» **What you need to do**
The entries below are to be given back exactly, with images excluded.

» **Records shown**
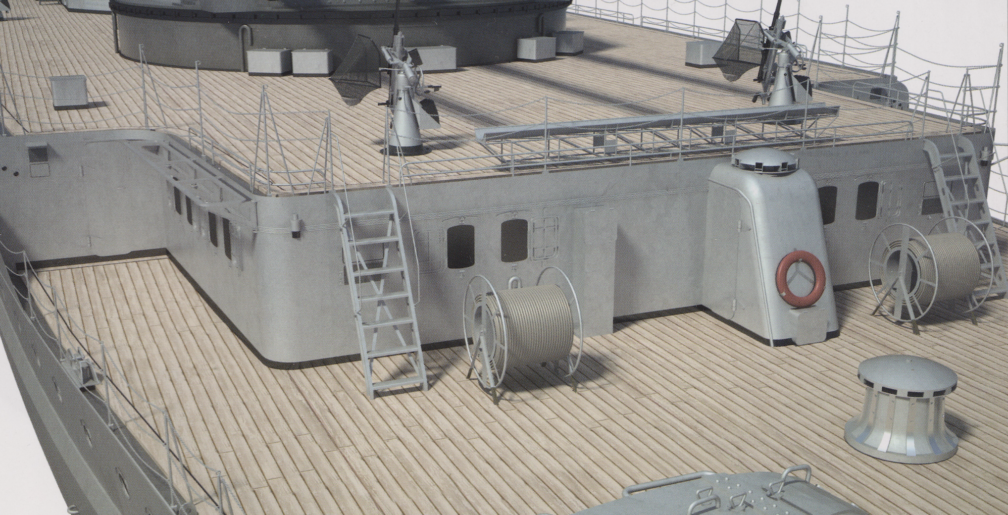 ну смотрите.1) крыша рубки была темной и с рифленкой2) крыша кдп с дальномером тоже была темной. 3) люки на крыше кдп были иначе расположены4) никаких приборов управления кораблем или его системами на этой площадке не было (нарисованы на передней стенке). площадка чисто наблюдательная.5) под дальномером видим приборы: передний - это нечто типа директора прожекторов, задний - зенитный директор.по факту на передней позиции как раз должен быть зенитный, а сзади просто колонка с биноклем, т.к. директор туда поставить не успели.6) ну и верхняя часть фальшборта не была как нарисовано монолитной. Это были щитки, которые можно было опускать и поднимать.
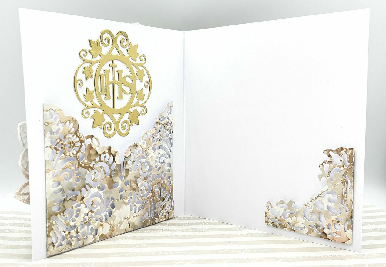 Wnętrze: Wykończone ozdobną kieszonką na banknot (z motywem IHS) oraz miejscem na wpisanie osobistych życzeń.
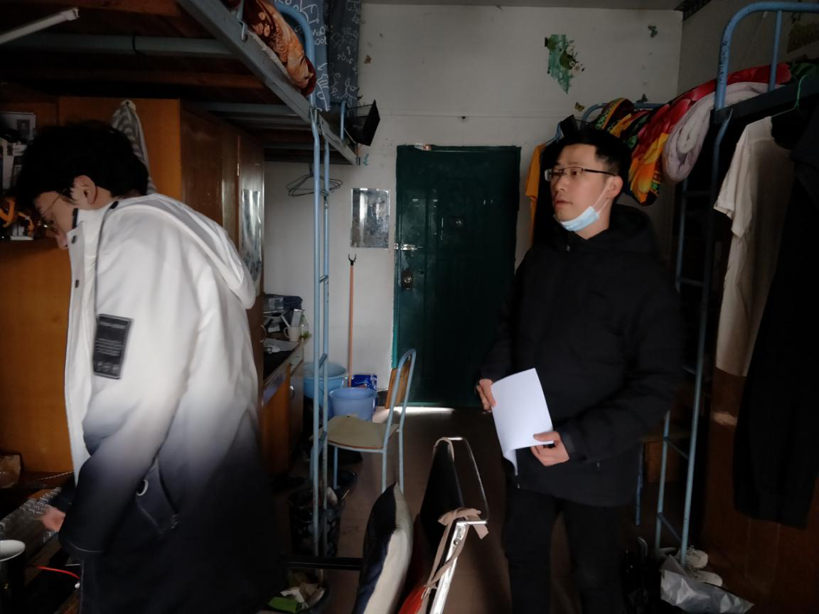 1月6日晚,由辅导员黄鸥、杨芳带队,学院宿管会学生干部对女生宿舍18栋和男生宿舍3栋进行安全隐患排查。检查中,发现个别学生宿舍卫生状况不佳、存放有大功率违章电器,对60余间宿舍的报修需求进行统计,并统一报送到学校学工科宿舍管理中心。
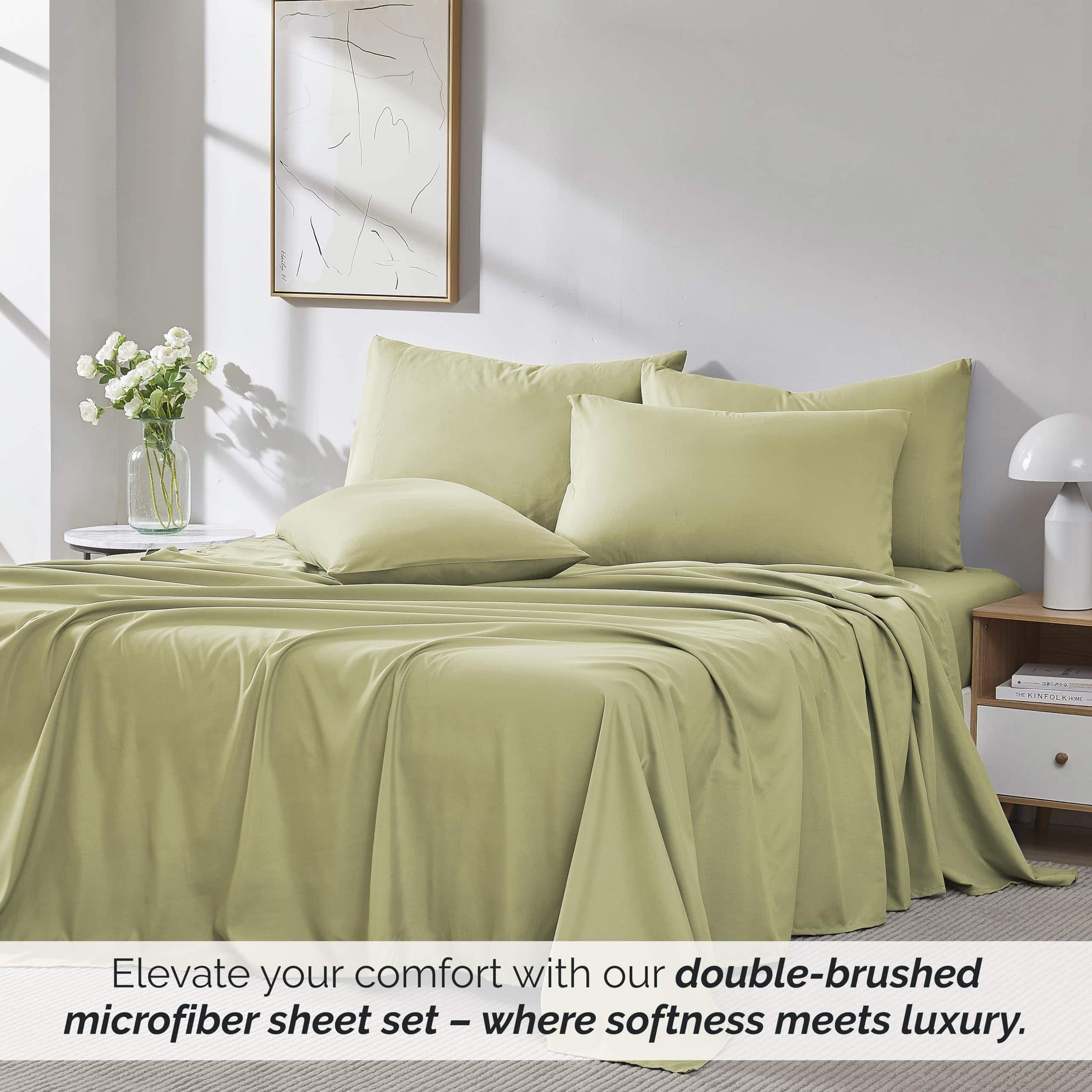 Luxury Sheets with ultra breathable Fabric: Enjoy lightweight sage green sheets that last! Our buttery soft, double brushed split king sheet set made of 100 GSM premium bedding quality are also shrink-free, making them the best sheets for adjustable beds!.
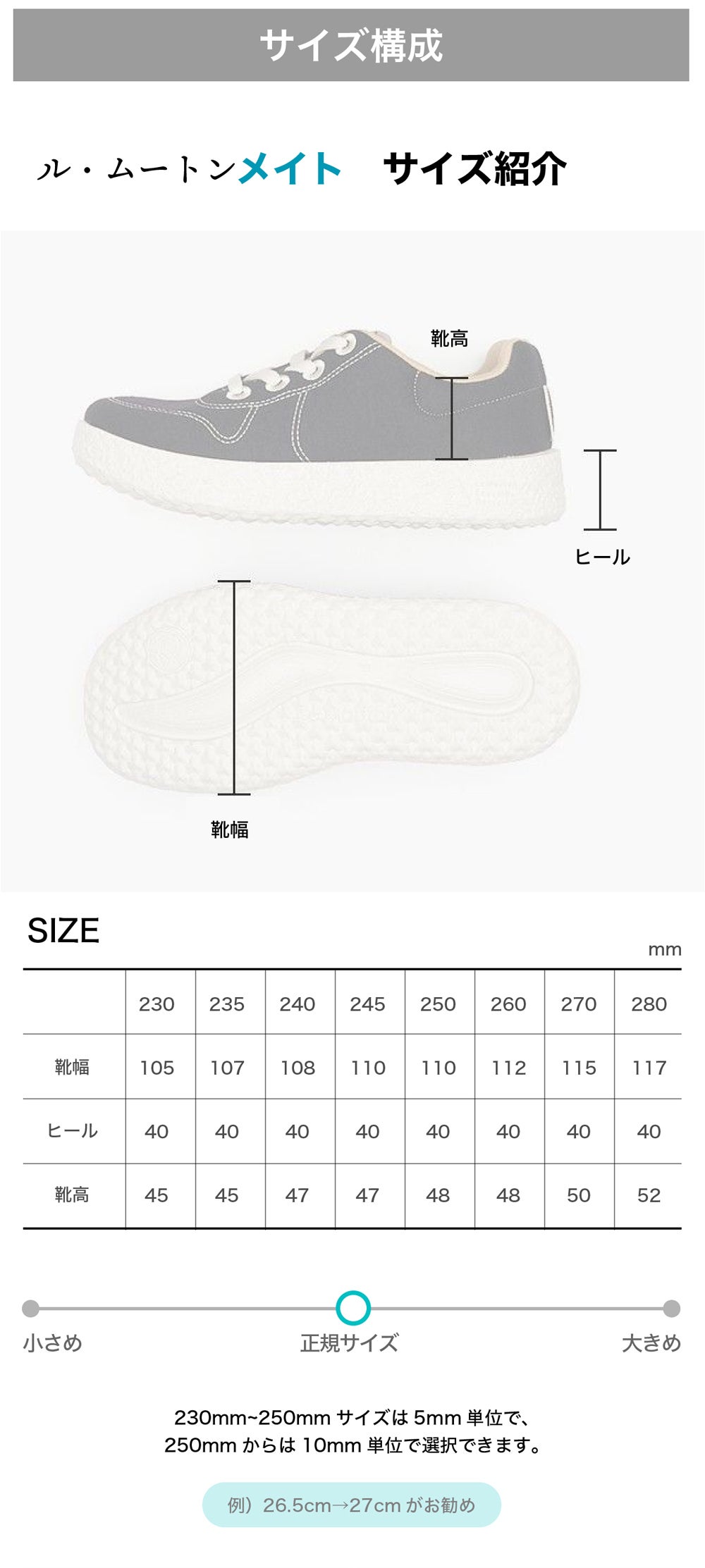 A. 250mmまでは5mm単位で揃ってるのでご使用中のサイズをお勧めしますが、250mm以上のサイズの場合は少し大きめををお勧めします。 (例えば、265mm-> 270mm)
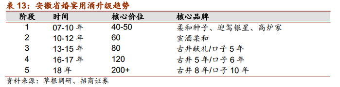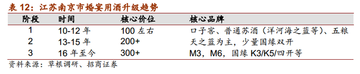 江苏已实现大众消费核心价格带向300元以上的升级。以经济较为发达的江苏省为例,当前江苏省已实现了大众消费核心价格带向300元以上的升级,江苏白酒核心消费价格带从2010年的100-200元提升至2017年250-400元。以江苏南京婚宴用酒为例,2010年,当地婚宴用酒核心价位带为100元左右,主要代表产品为口子窖、普通苏酒(洋河海之蓝等);13年开始升级到200多价位段,主流产品是天之蓝;16年之后,婚宴用酒升级到以梦3和梦6为代表的300元以上价位段。
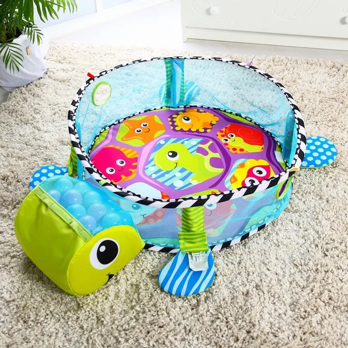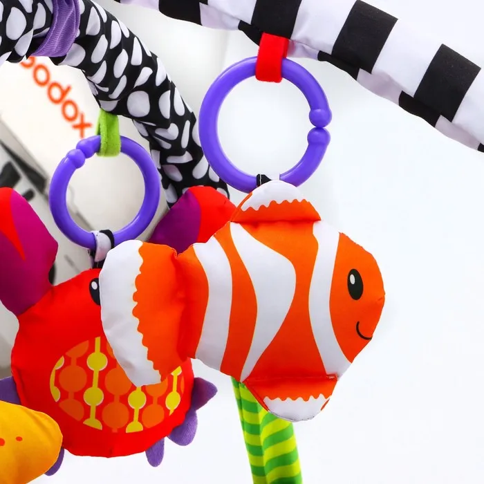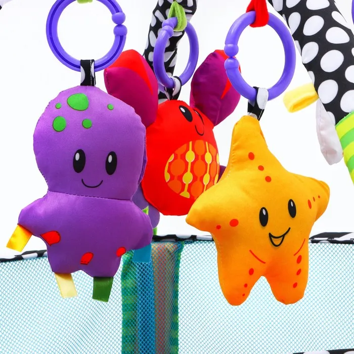 Малыш играет на спинке лёжа. На самом раннем этапе своего развития малыш тянется за яркими, притягивающими внимание игрушками и учится их хватать. В комплекте с ковриком прилагаются подвесные игрушки, яркие и привлекательные, они служат для развития тактильных ощущений и зрения.
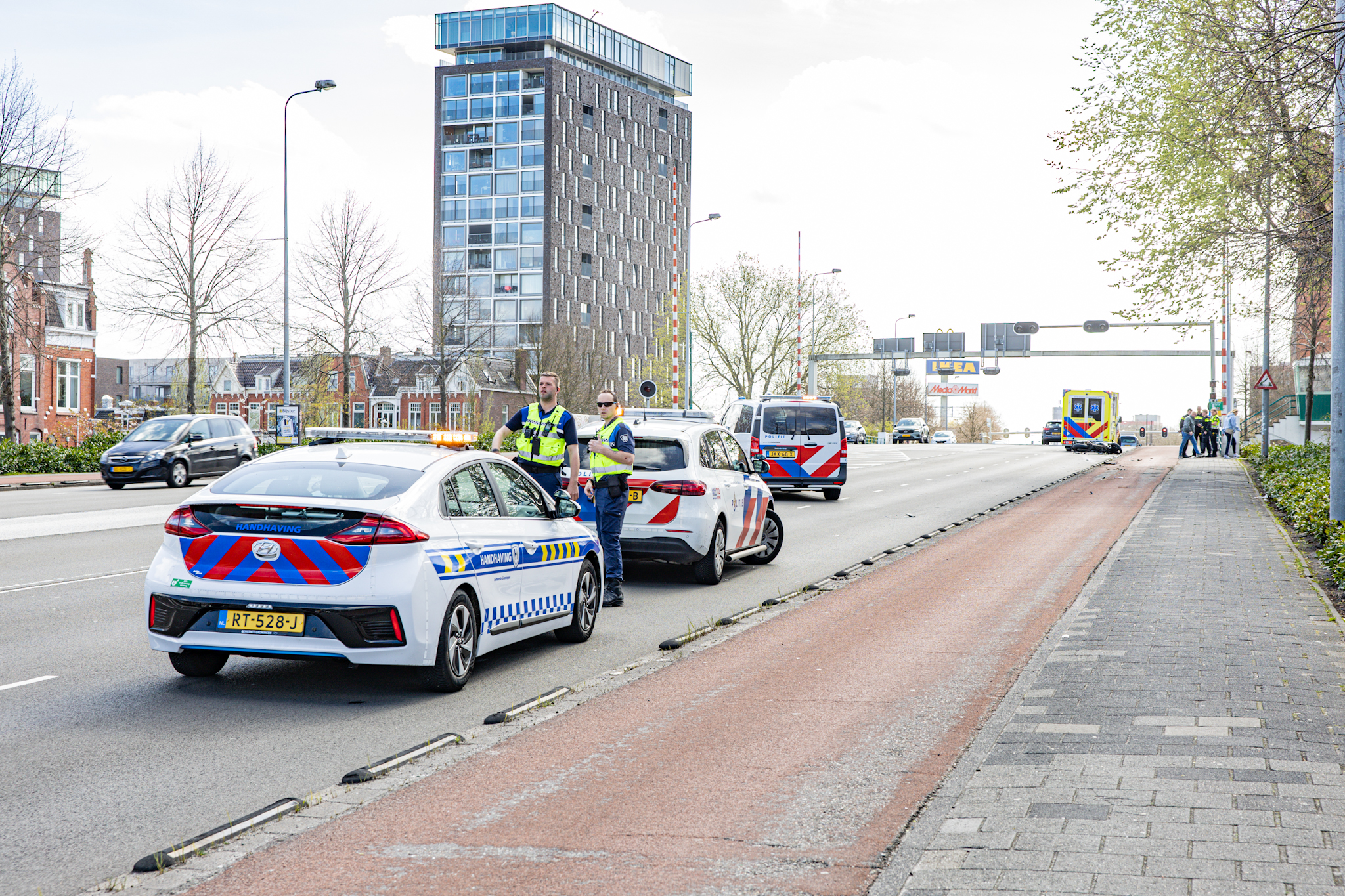 Vanwege het ongeval zijn twee rijstroken afgesloten. Over de ernst van het letsel is nog niets bekend.

» **Answer space**
 ну смотрите.1) крыша рубки была темной и с рифленкой2) крыша кдп с дальномером тоже была темной. 3) люки на крыше кдп были иначе расположены4) никаких приборов управления кораблем или его системами на этой площадке не было (нарисованы на передней стенке). площадка чисто наблюдательная.5) под дальномером видим приборы: передний - это нечто типа директора прожекторов, задний - зенитный директор.по факту на передней позиции как раз должен быть зенитный, а сзади просто колонка с биноклем, т.к. директор туда поставить не успели.6) ну и верхняя часть фальшборта не была как нарисовано монолитной. Это были щитки, которые можно было опускать и поднимать.
 Wnętrze: Wykończone ozdobną kieszonką na banknot (z motywem IHS) oraz miejscem na wpisanie osobistych życzeń.
 1月6日晚,由辅导员黄鸥、杨芳带队,学院宿管会学生干部对女生宿舍18栋和男生宿舍3栋进行安全隐患排查。检查中,发现个别学生宿舍卫生状况不佳、存放有大功率违章电器,对60余间宿舍的报修需求进行统计,并统一报送到学校学工科宿舍管理中心。
 Luxury Sheets with ultra breathable Fabric: Enjoy lightweight sage green sheets that last! Our buttery soft, double brushed split king sheet set made of 100 GSM premium bedding quality are also shrink-free, making them the best sheets for adjustable beds!.
 A. 250mmまでは5mm単位で揃ってるのでご使用中のサイズをお勧めしますが、250mm以上のサイズの場合は少し大きめををお勧めします。 (例えば、265mm-> 270mm)
 江苏已实现大众消费核心价格带向300元以上的升级。以经济较为发达的江苏省为例,当前江苏省已实现了大众消费核心价格带向300元以上的升级,江苏白酒核心消费价格带从2010年的100-200元提升至2017年250-400元。以江苏南京婚宴用酒为例,2010年,当地婚宴用酒核心价位带为100元左右,主要代表产品为口子窖、普通苏酒(洋河海之蓝等);13年开始升级到200多价位段,主流产品是天之蓝;16年之后,婚宴用酒升级到以梦3和梦6为代表的300元以上价位段。
 Малыш играет на спинке лёжа. На самом раннем этапе своего развития малыш тянется за яркими, притягивающими внимание игрушками и учится их хватать. В комплекте с ковриком прилагаются подвесные игрушки, яркие и привлекательные, они служат для развития тактильных ощущений и зрения.
 Vanwege het ongeval zijn twee rijstroken afgesloten. Over de ernst van het letsel is nog niets bekend.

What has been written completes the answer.